Segment Open

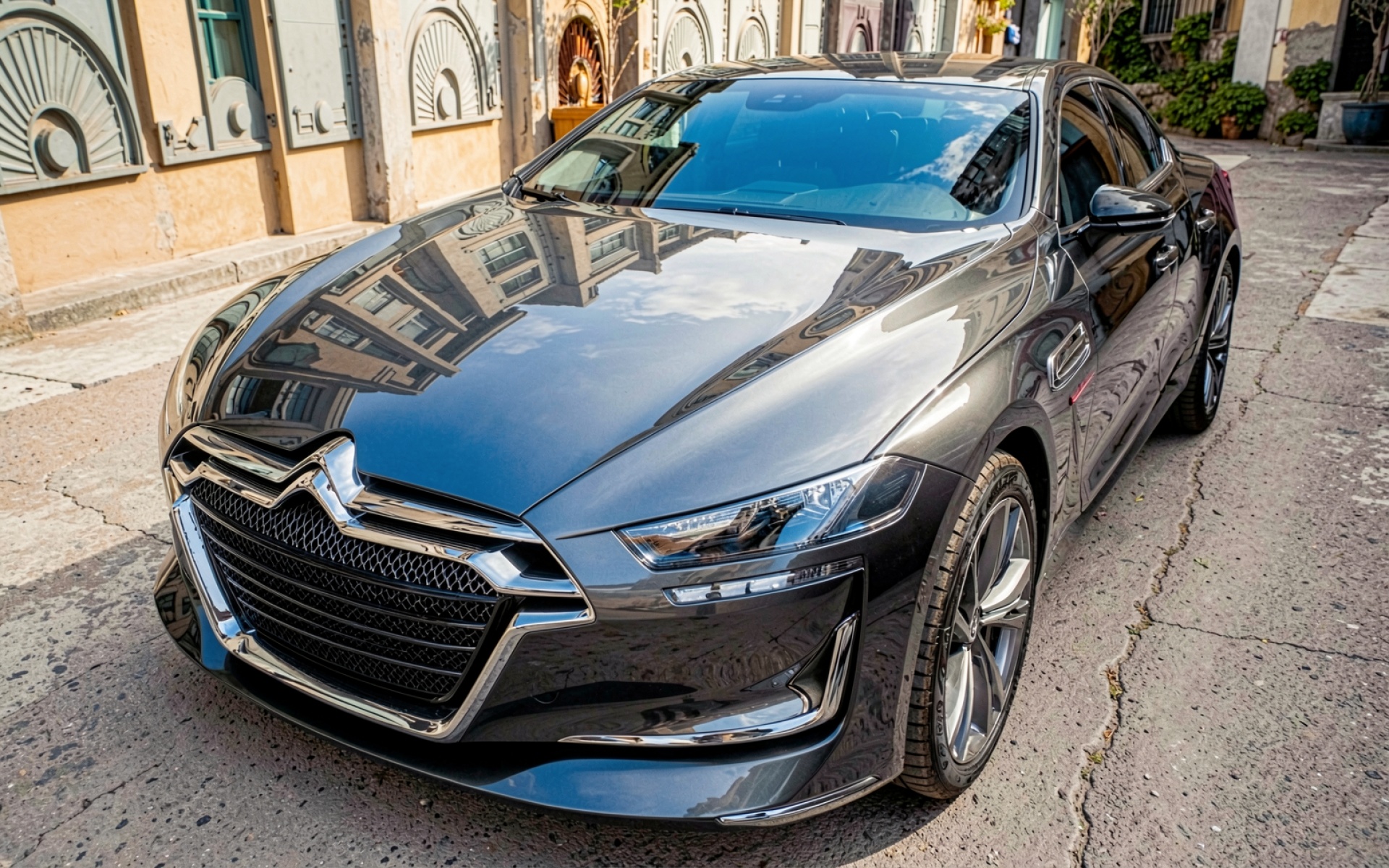 Серый автомобиль Citroen в узком европейском переулке
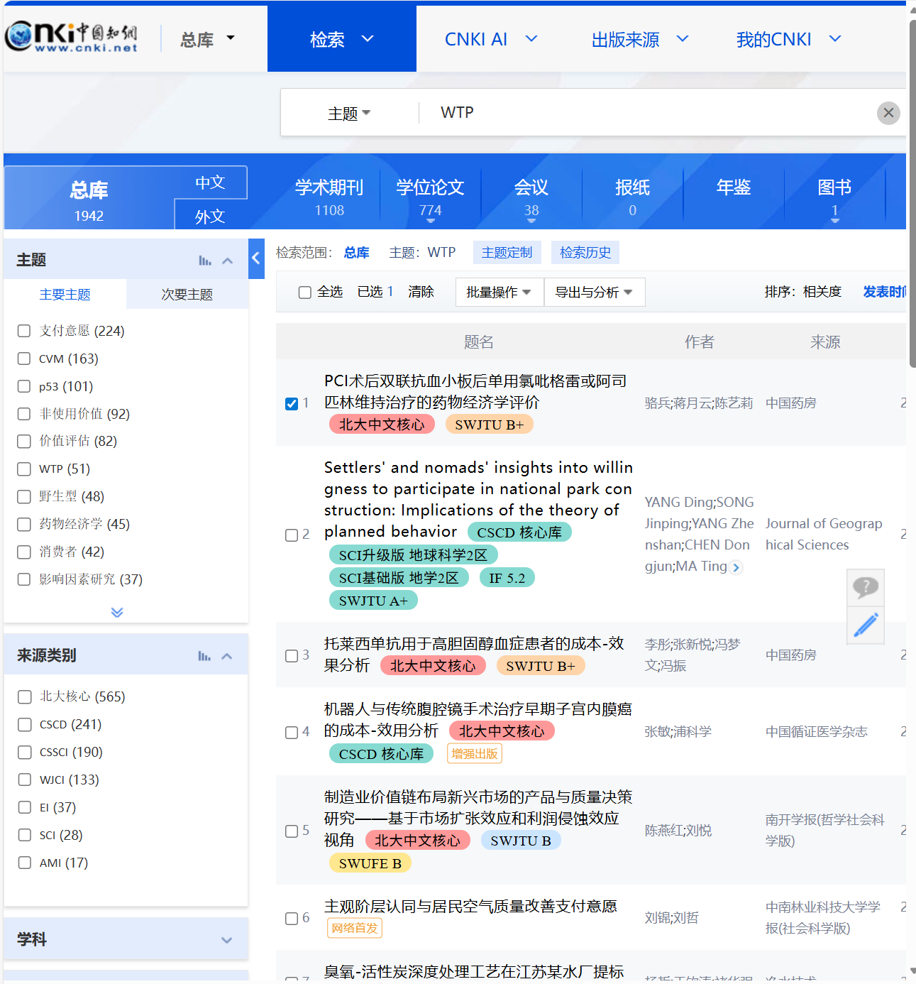 把想要导入的文献都打勾,然后可以看到上面一排有个导出与分析的选项
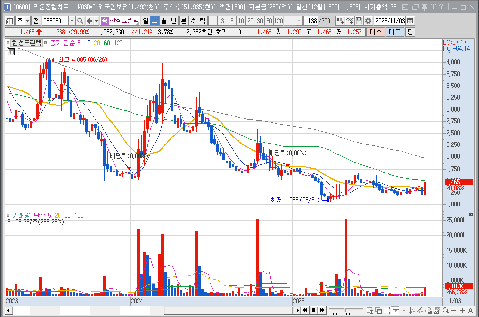 즉, 한성크린텍은 반도체 장비주 의 성격뿐 아니라, AI/HBM 확대 라는 거대한 흐름의 숨겨진 수혜주 로 자리매김하고 있다고 봐야 합니다.
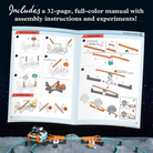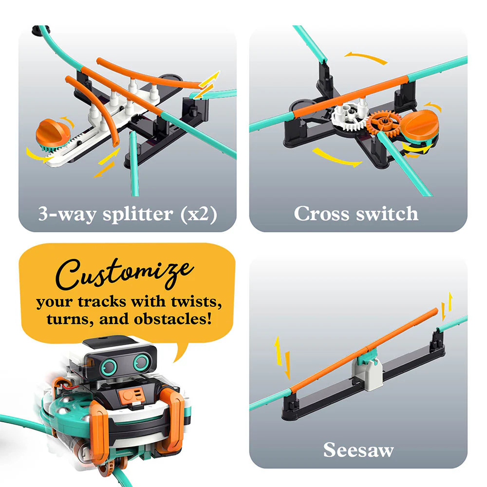 and dozens of track layouts from over 180 durable, plastic parts. Choose any of the 26 configurations in the manual or use your imagination to invent your own! Combine the snap-together track segments with the three special connectors – the seesaw, the splitter, and the cross switch – to add twists, turns, and obstacles to your routes.
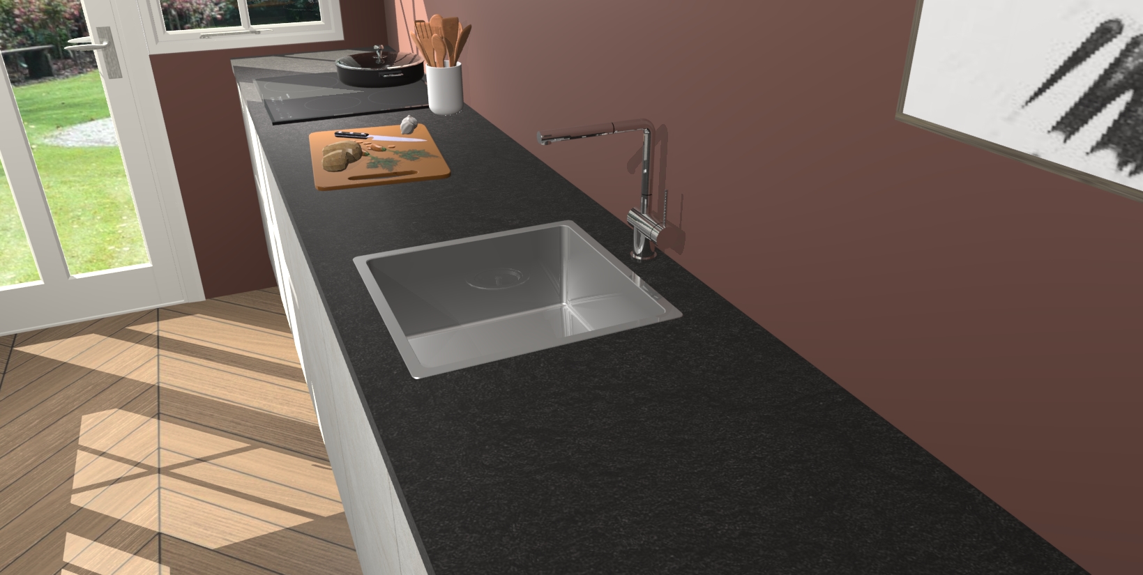 - Bij een hoekwerkblad zijn de hoeken in gevreesd en op maat gemaakt

Segment Closed

#### [AIM OF THE TASK]
Everything from the line containing "and dozens of" through the last line of the entries must be repeated verbatim, except pictures.

#### [EXPECTED OUTPUT]
 and dozens of track layouts from over 180 durable, plastic parts. Choose any of the 26 configurations in the manual or use your imagination to invent your own! Combine the snap-together track segments with the three special connectors – the seesaw, the splitter, and the cross switch – to add twists, turns, and obstacles to your routes.
 - Bij een hoekwerkblad zijn de hoeken in gevreesd en op maat gemaakt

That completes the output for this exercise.